The dreadful food served up in the institution was just the same as in Molly’s day: porridge full of weevils (a kind of small bug), and watery stews. Doris and her best friends, Tony and Andrew Onslow, had grown up in the bush, accustomed to helping their elders forage for food. Now, they occasionally did some gathering of their own. Doris records incidents of eating dried out carrots or banana skins—things that would have been entirely acceptable “bush food” among their families. But she and the boys were jeered at and called “rubbish eaters.” Doris couldn’t understand how “rubbish” food was any worse than what was offered on the settlement tables!
Part of the effort to assimilate the children into the white community was to forbid them to use their native languages.
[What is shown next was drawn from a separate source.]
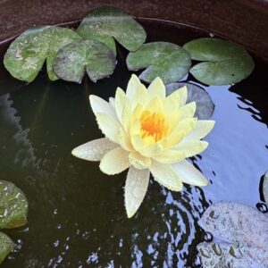ひとつ屋の古民家工房(三重県伊賀市)の玄関わきに数年前から睡蓮鉢があります。その中には数匹のメダカと一鉢の睡蓮。たいして世話をしているわけではないのですが、今年も涼し気な花を咲かせてくれました。
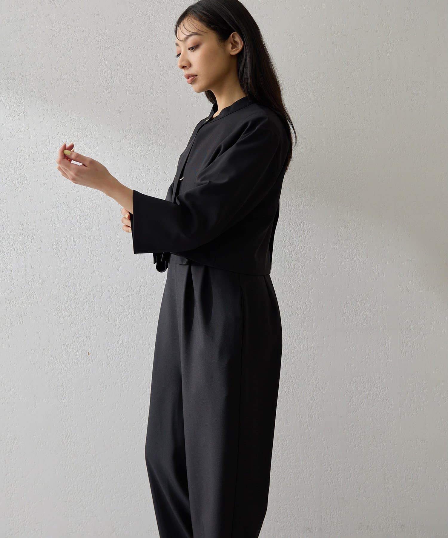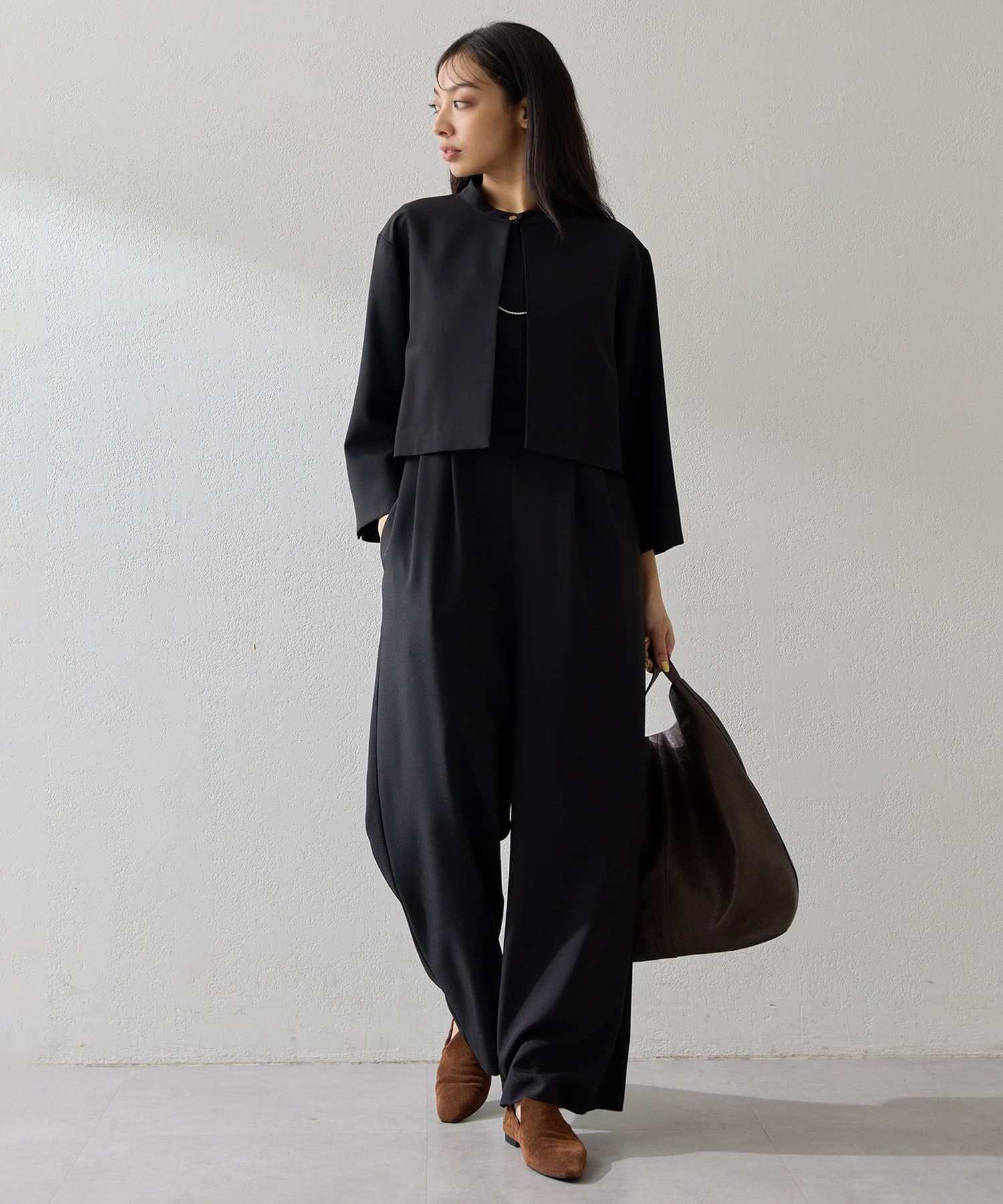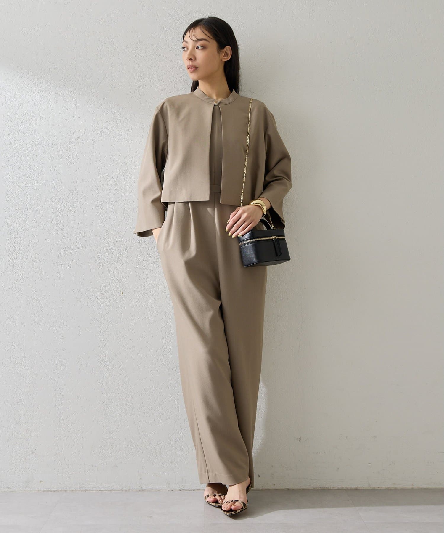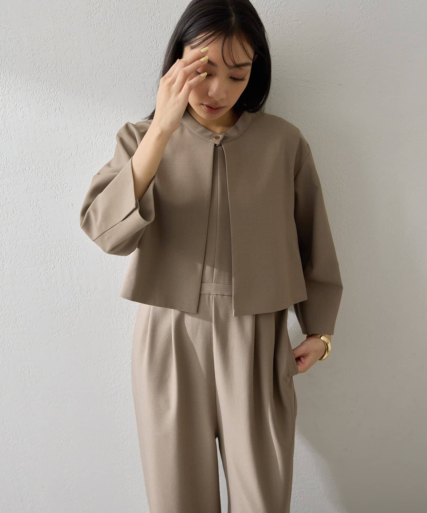 ■ショート丈のジャケットとノースリーブコンビネゾンのセットアップ。

Doris, as Molly had before her, struggled with this. “ ‘You’re a very naughty girl, you must not talk blackfella language again,’ yelled Nurse Hannah,” to Doris.
Slowly, Doris began to lose her connection with her own past. She recalls one day when she saw a blazing bonfire on the grounds of the settlement. She raced toward it, vivid memories stirred up of Bambaru and her childhood. Her moment of joy led to severe punishment, part of the vigorous routine to erase cultural ties for aboriginal children. After the fire incident, Doris consciously decided to suppress her memories because they only led to getting smacked.
Meanwhile, the government made another decision that would affect her future. The Moore River Settlement School was closed, and Doris was sent, with thirty-one other girls, to the Roelands Native Mission.
“Then one beautiful spring afternoon, Matron handed Doris a letter; and because the mail was opened and censored, she had no idea where it came from. Doris fought back the tears as she read the letter; her first letter from her own mother.”
They began to correspond, but were not yet able to meet. Doris finished school and trained as a nurse. Finally, after she was a wife with four small children of her own, Doris traveled back to Jigalong. The train ride was a long one, followed by a tiring walk. She stopped to ask directions and was told, “ ‘Your mother is camping at that last house.… You’ll know her; she’s the only half-caste woman there.’ ”
Doris spoke her first words to her mother after twenty-three years: “ ‘Do you know me?’ ” Then she asked, “ ‘Why did you give me away, Mum?’ ” Her mother was quick to answer: “ ‘I didn’t give you away! You were taken …’ ” Doris had not realized until that minute that their separation had been against her mother’s will.
Meeting her father was just as emotional.
“ ‘This is your Daddy,’ said her mother tenderly.” Holding her baby daughter, Doris embraced her father. “His hand brushed the hair from Doris’s cheek. His fingers traced her brow, stopping at the indentation, the identifying mark, made so many years ago in the attack by the cattle dog at Balfour Downs. His child, Nugi, had come home.”
Centuries earlier, Margaret Catchpole had come to the place that Doris’s people called home, a reluctant trespasser from her native land. But even in her own country, Doris, too, was made to feel like a stranger, forced to live inside another culture. Both these women, along with the others in this book, used words to map unfamiliar territory until their stories—fictional or factual—became part of history.